Дорога перемен - Ричард Йейтс
Шрифт:
Интервал:
— Просто не надо было связываться с этим дурдомом, вот и все. — Фрэнк расстегнул тугой воротничок, чтобы вздохнуть свободнее и одновременно напитаться чувством зрелой умудренности, исходившим от шелкового галстука и вискозной рубашки. — Ох уж я бы вздул этого… как его?.. Режиссер-то?
— Он не виноват.
— Ну тогда всю эту свору. Все они говнюки, ей-богу. Где только были наши мозги?
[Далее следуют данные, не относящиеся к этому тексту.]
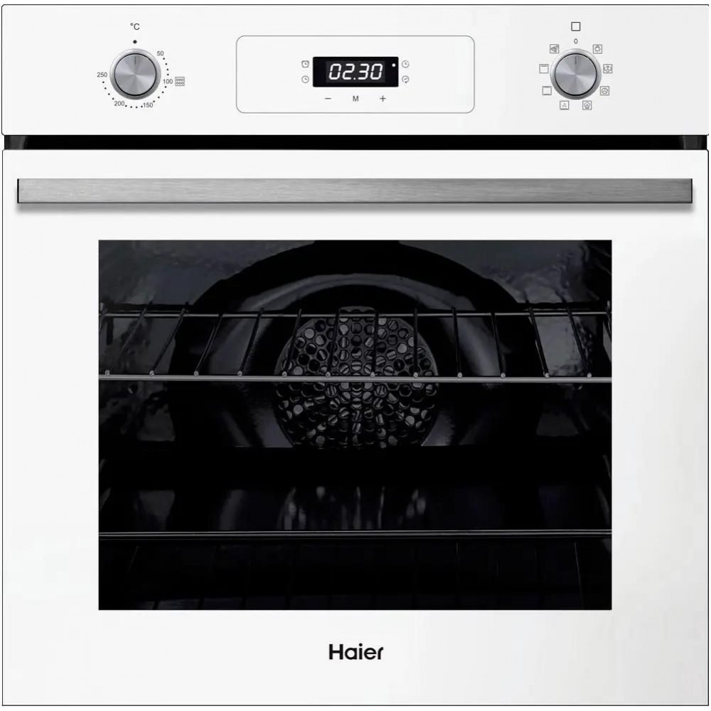 Электрический духовой шкаф Haier HOD-P08TGW с внутренним пространством объемом 70 л выполнен в белом корпусе. На лицевой панели содержатся две поворотные ручки для выбора температуры нагрева и режима, а также электронный дисплей с сенсорными кнопками. При помощи сенсорных кнопок можно настроить отключение программы по таймеру. Это поможет контролировать процесс приготовления блюда, находясь в другой комнате и не следя за временем. Для безопасной эксплуатации прибор содержит утапливаемые поворотные ручки.
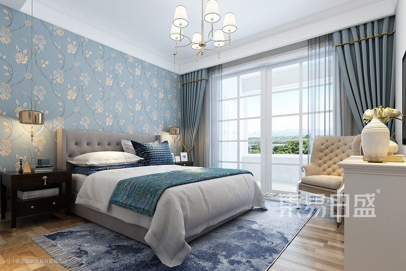 这一款效果图户型属于四居室,面积有144平米,采用了美式装修风格,整个设计比较雅致、温馨,床头背景墙选择了带花纹的浅蓝壁纸,与浅蓝的窗帘、深蓝地毯以及蓝色的床上用品相呼应,让整个卧室空间的色彩变得更为协调统一,通铺原木色地板,加上古典个性的吊灯,显得更加的高雅、舒适。
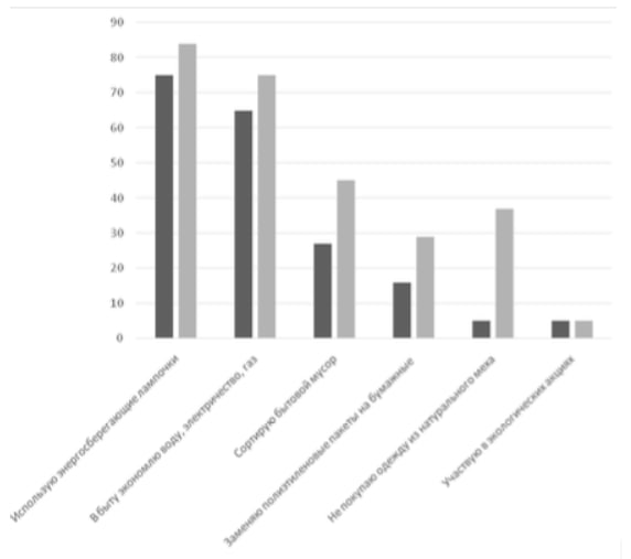 В ходе социологических опросов совершеннолетние граждане страны Z рассказывали о своем участии в решении экологических проблем. Полученные результаты (в % от числа опрошенных, можно было дать несколько ответов) представлены в виде диаграммы.

Главным образом мои. Ты бы ни за что к ним не сунулась, если б мы с Кэмпбеллами тебя не уломали. Помнишь, как мы узнали об этой затее? Ты еще сказала, что, вероятнее всего, они окажутся сборищем идиотов. Да, зря я не прислушался.
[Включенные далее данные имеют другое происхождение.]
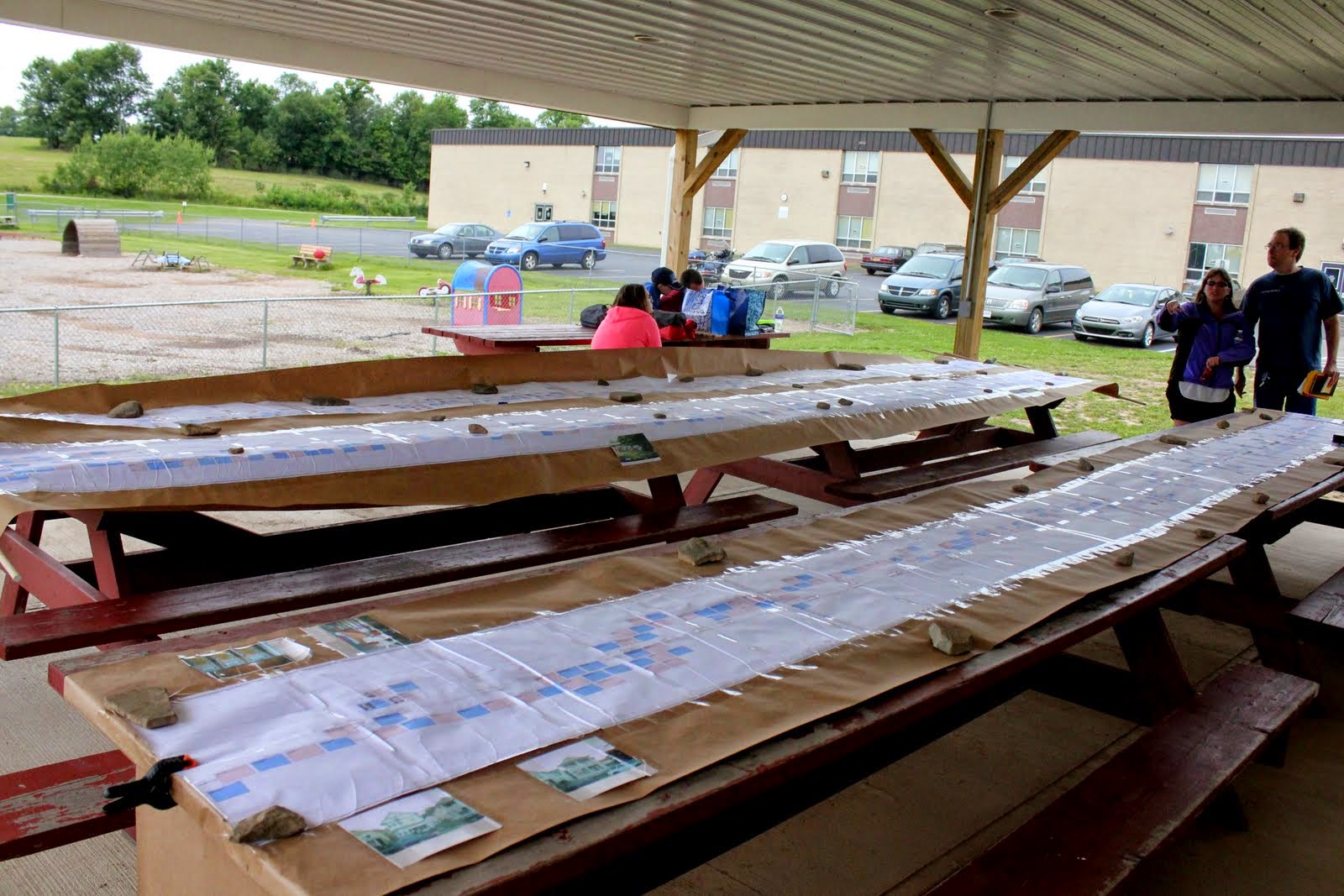 So many picnic tables covered with genealogies! This was impressive, even though I-- Abigail nee JOHNSON-- and the bounty of children with whom I live weren't listed among my parent's children/grandchildren. I have now concluded that, for all practical purposes, we do not exist.

— Хорошо, только можно больше об этом не говорить?
— Конечно, можно. — Фрэнк хотел похлопать жену по коленке, но та была слишком далеко. — Разумеется. Просто я не хочу, чтобы ты переживала, вот и все.
Уверенно и плавно он вывел машину с ухабистого проселка на твердую прямизну шоссе № 12, чувствуя, что и сам наконец обрел почву под ногами. Свежий ветерок взъерошил его короткую стрижку и остудил мысли, после чего фиаско «Лауреатов» предстало в своем истинном виде. Оно не стоило того, чтобы трепать себе нервы. Разумные люди не тратят душевные силы на подобную ерунду и всякие другие нелепости смертельно скучной работы и смертельно скучной провинциальной жизни. Финансовые обстоятельства могут швырнуть человека в эту среду, но важно, чтобы она его не засосала. Главное — всегда помнить, кто ты есть.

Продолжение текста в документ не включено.